The add function returns True on success, and False if the key was already in the trie (not inserted).

Finding keys

The find(key) method returns True if the provided key is in the Trie, False otherwise.

trie.find("0010") # True
trie.find("0100") # False

Finding the closest keys to a target

The n_closest(key, n) method returns the n closest keys to the provided key in the trie, according to the XOR distance. The keys are sorted according to the distance to the target key. Note that only leaves of the trie will be returned, not intermediary nodes.

trie.n_closest("0001", 1) # ["0000"]
trie.n_closest("0010", 3) # ["0010", "0011", "0000"]
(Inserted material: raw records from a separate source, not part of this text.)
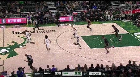 讓我們來看看雄鹿隊在季前賽最後階段對陣籃網隊的一次攻守轉換。注意傑文·卡特和鮑比·波蒂斯的位置。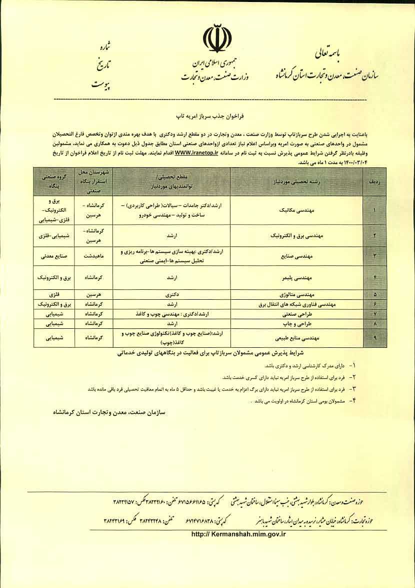 نظر به اجرایی شدن طرح سربازتاپ توسط وزارت صنعت، معدن و تجارت در دو مقطع ارشد و دکتری به منظور بهرهمندی از توان علمی و پژوهشی سربازان وظیفه در واحدهای صنعتی به صورت امریه، نیازهای صنعت استان کرمانشاه در جذب سربازتاپ (مختص فارغالتحصیلان مشمول) مطابق اطلاعیه ذیل اعلام میگردد.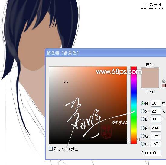 4、脖子部分,勾出選區(qū)后新建一個圖層填充顏色:#ccafa0。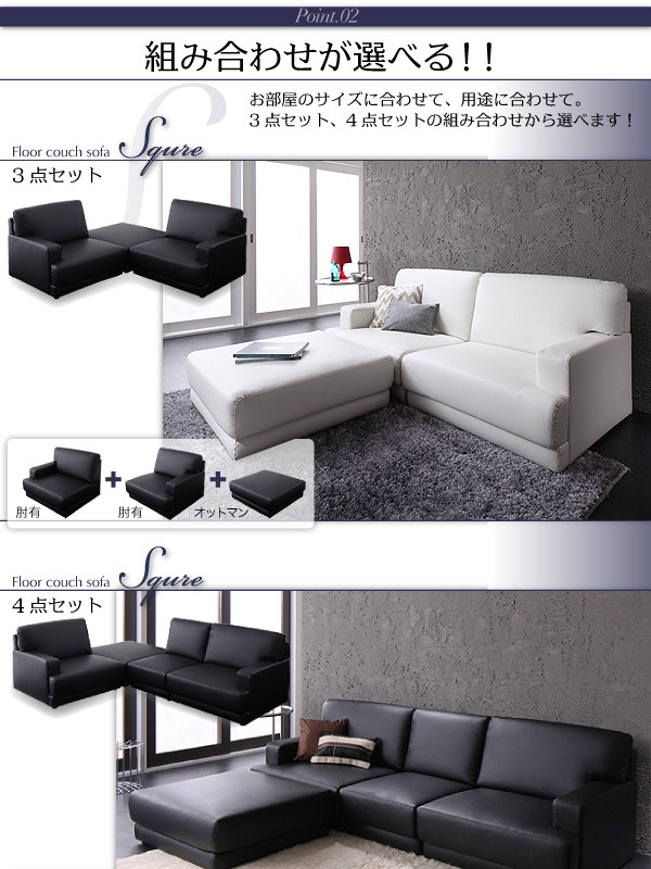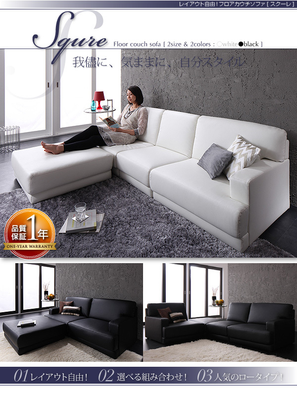 ![]() ![]() ![]() ![]() ![]() ![]() ![]() ![]() ![]() ![]() ![]() ![]() ![]() ![]() ![]() ![]() 我儘に、気ままに、自分スタイル レイアウト自由!フロアカウチソファ【SQURE】スクーレ レイアウト自由! 選べる組み合わせ! 人気のロータイプ! ----------スタイル自由自在!!------------------------------------------ カウチスタイル オットマンを好きな場所において、ゆったりくつろぐL字のカウチスタイル。右に、左に、中央に、お好きな場所で寛いでください。 ・コーナースタイル オットマンをコーナー部において、コーナースタイル。お部屋が上質な雰囲気に。 ・対面スタイル テーブルをはさんで。お客様が来た時に、便利なスタイル。 ・パーティスタイル 大人数の来客があった時には、全てのソファを単独で使用する事もできます。 カラー違いで2セットを組み合わせれば、オシャレな空間に!大人数も余裕で対応 ・ストレートスタイル 全て一列に並べれば、 横幅294cmの大きなソファになります!大人5人が、ゆったりと余裕で座れます! ・テーブルスタイル オットマンの表面は平らで、大きめなので、ちょっとしたテーブルとしても使用できます。 ------------組み合わせが選べる!--------------------------------------- お部屋のサイズに合わせて、用途に合わせて。3点セット、4点セットの組み合わせから選べます! 3点セット 4点セット お部屋に合わせて、サイズが選べます! 3点セットをカウチ使用した場合、横幅160cm。ふたりで、ゆったりと座りたい方、一人暮らしでくつろぎたい方にぴったり。 4点セットをカウチ使用した場合、横幅214cm。余裕で3-4人まで座れるサイズなので、ファミリーにぴったりです。 -----------お部屋広々ロータイプ。-------------------------------------- 部屋が広く感じられるロータイプ。高さが無いので、目線が奥に広がり、圧迫感を感じにくくなります。 汚れに強い、レザータイプ。 水分と汚れに強い合皮素材。小さなお子様がいたり、ペットがいるご家庭には最適の素材です。 座り心地。 座り心地は、柔らかすぎない、しっかりとした座り心地。 ソフトなウレタンで体重を受け止め、Sバネが心地よい反発を作りだします。 ---------------------------------------------------------------------- オットマンは単品販売もしています。 ・3点セット+オットマン・・・・ふたりがゆったりと脚を伸ばしてくつろげるスタイル。 ちょっとした簡易ベッドにも。 ・4点セット+オットマン・・・・大人数収容可能!ふたりでごろごろとくつろぎたい方にもお勧めです! 選べるカラー! ホワイト 真っ白なホワイト!黄ばみの無い、まっさらな白です。お部屋を上質に見せます。 ブラック 上品なブラック。シックな雰囲気に変わります。 |

Attaching metadata to Trie nodes

It is possible to attach an object as metadata to a trie leaf node.

class MyObj(object):
    def __init__(self, key, name):
        self.key = key
        self.name = name

obj = MyObj(int_to_bitstring(10, 4), "Node 10")
trie.add(obj.key, obj)

trie.find(obj.key).name # "Node 10"
trie.n_closest(obj.key, 1) # [obj]

Helpers

There are 4 helpers functions to facilitate the use of this implementation with keys being not only bitstring, but also bytes or int. These helper functions help translate bytes and int to bitstring and reciprocally.
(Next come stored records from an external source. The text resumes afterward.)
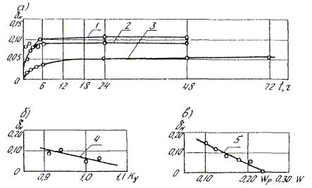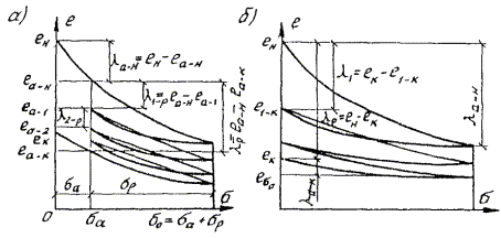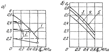 где ek - конечное значение коэффициента пористости при наступлении упругой компрессии. Примечание. Для решения уравнения (24) испытано 3 вида лессовидных суглинков, отобранных с разных объектов строительства. Первый - делювиальный лессовидный суглинок (район ст. Кандагач), второй - пролювиальный лессовидный суглинок (IV надпойменная эрозионная терраса р. Чирчик у г. Ташкента), третий - аллювиально-пролювиальный лессовый суглинок предгорной пологонаклонной равнины (район Алма-Ата). Результаты всех экспериментов подвергнуты многофакторному корреляционно-регрессионному анализу с использованием ЭВМ. Уравнения регрессии имеют вид: λа-н = 1,356 - 1,904ен - 2,520σа - 6,079Ip + 0,627e2н - 0,661σ2а + 3,167eнσа + 15,115σIp, λ1 = 1,243 - 1,628ен - 2,341σо - 5,981Ip + 0,712e2н - 0,789σ2о + 3,124eнσо + 10,842σIp, λр = 0,128 - 4,813Ip + 26,307I2p + 0,562σ2p - 0,359σpIp - 0,000196σpeн. Приведенные уравнения регрессии вполне надежны: действительно, критерии Стьюдента для коэффициентов указанных уравнений лежат в пределах 5,10-15,54 при табулированном значении 2 (достоверная вероятность 0,95). Критерий Фишера, который должен быть больше 1,4, находится в пределах 8,6-10. Множественный коэффициент корреляции для уравнений составляет 0,94-0,96, а его критерий значимости - 78,6-64,4 при табулированном значении 2. Данные уравнения определены на основании 59 испытаний, в которых аргументы изменялись в следующих границах: 0,13 ≥ Ip ≥ 0,06 0,8 МПа ≥ σ ≥ 0,2 МПа 0,80 ≥ е ≥ 0,50 На рис. 15, а приведена комплексная характеристика упругой компрессии лессовидного суглинка, а на рис. 15, б номограмма eo = f(σo). Рис. 15. Комплексная характеристика упругой компрессии лессовидного суглинка (а) и номограмма для определения плотности, обеспечивающей упругую работу насыпей из суглинков (б): 1 - eo = f(σo); 2 - eу = f(σo); 3, 4, 5 - соответственно Ip = 0,07; 0,13; 0,17 3.73. Уплотнение грунтов вплоть до коэффициента пористости eo обеспечивает безосадочность насыпей. Но следует иметь в виду, что в ряде случаев достижение ео невозможно, технически сложно или экономически нерационально. В данном случае можно ограничить остаточные деформации допустимым пределом, предусмотрев соответствующий запас на осадку насыпи по высоте или ширине ее. При этом возникнут дополнительные расходы как строительные, так и эксплуатационные. Поэтому вопрос назначения рациональной степени уплотнения необходимо решать на основе технико-экономического сравнения возможных вариантов и перспективного развития рабочих параметров пути. Осадка S слоя насыпи толщиной hi без учета бокового расширения грунта будет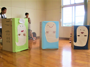 年長組(青) vs お家の方(白)で、オセロのように段ボールをチームカラーに変えて、その数を競いました。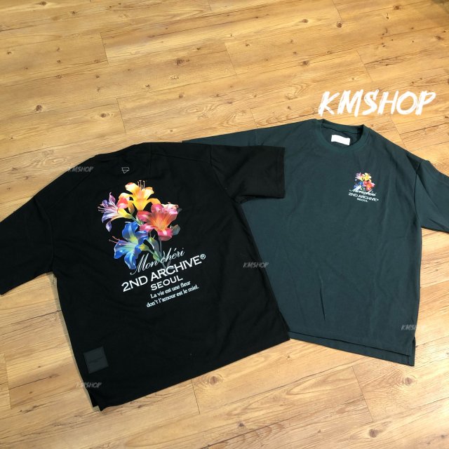韓國 2ND ARCHIVE 花花tee 黑/軍綠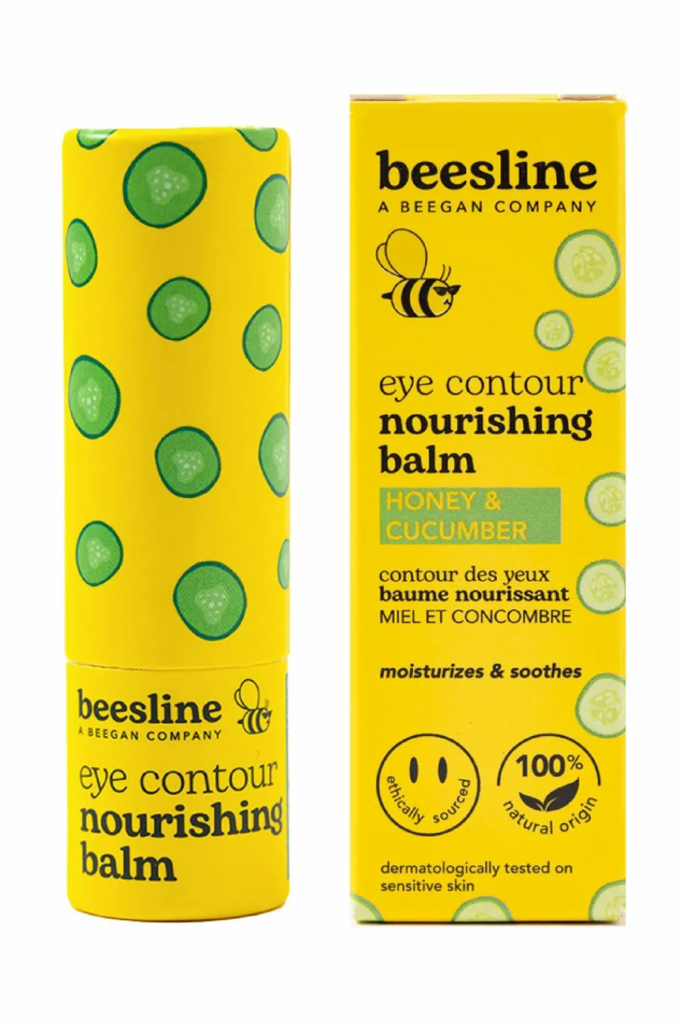 Découvrez notre baume contour des yeux en format stick, 100% d’origine naturelle et pratique à appliquer. Riche en extrait de concombre, il réduit les poches et les cernes tandis que le miel hydrate et nourrit la peau. Le thé Matcha agit comme un antioxydant, protégeant la peau délicate du contour des yeux contre les dommages causés par les rayons UV. 93% ont ressenti un contour des yeux plus hydraté*. Noté 100/100 sur Yuka.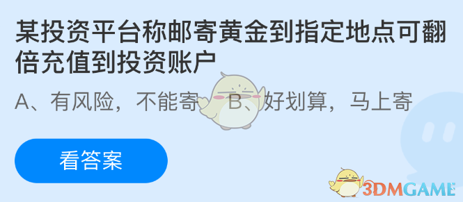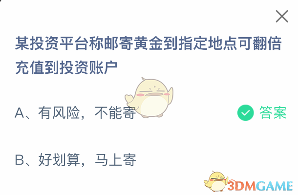 某投资平台称邮寄黄金到指定地点可翻倍充值到投资账户?这是支付宝蚂蚁庄园小鸡答题5月15日题目,选择正确答案,答对可获得 180g 饲料,答错则获得 30g 饲料。为了保证正确率,本次给大家带来了今日正
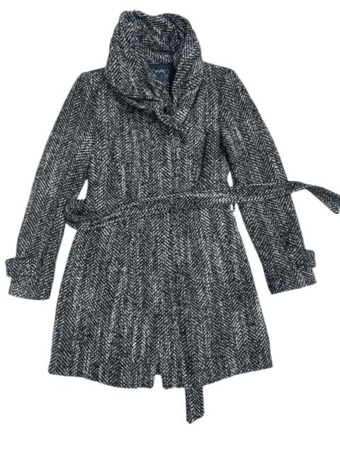 ZARA Herringbone Belted Overcoat High Collar hick Wool Blend

def bytes_to_bitstring(data: bytes, l: int=8*len(data)) -> bytes:
    ...
bytes_to_bitstring(b'\xff\x00') # "1111111100000000"
bytes_to_bitstring(b'\xf3',l=4) # "0011"

def bitstring_to_bytes(bs: str) -> bytes:
    ...
bitstring_to_bytes("1111111100000000") # b'\xff\x00'
bitstring_to_bytes("0011")             # b'\x03'

def int_to_bitstring(i, l: int) -> bytes:
    ...
int_to_bitstring(6, 4)  # "0110"
int_to_bitstring(6, 16) # "0000000000000110"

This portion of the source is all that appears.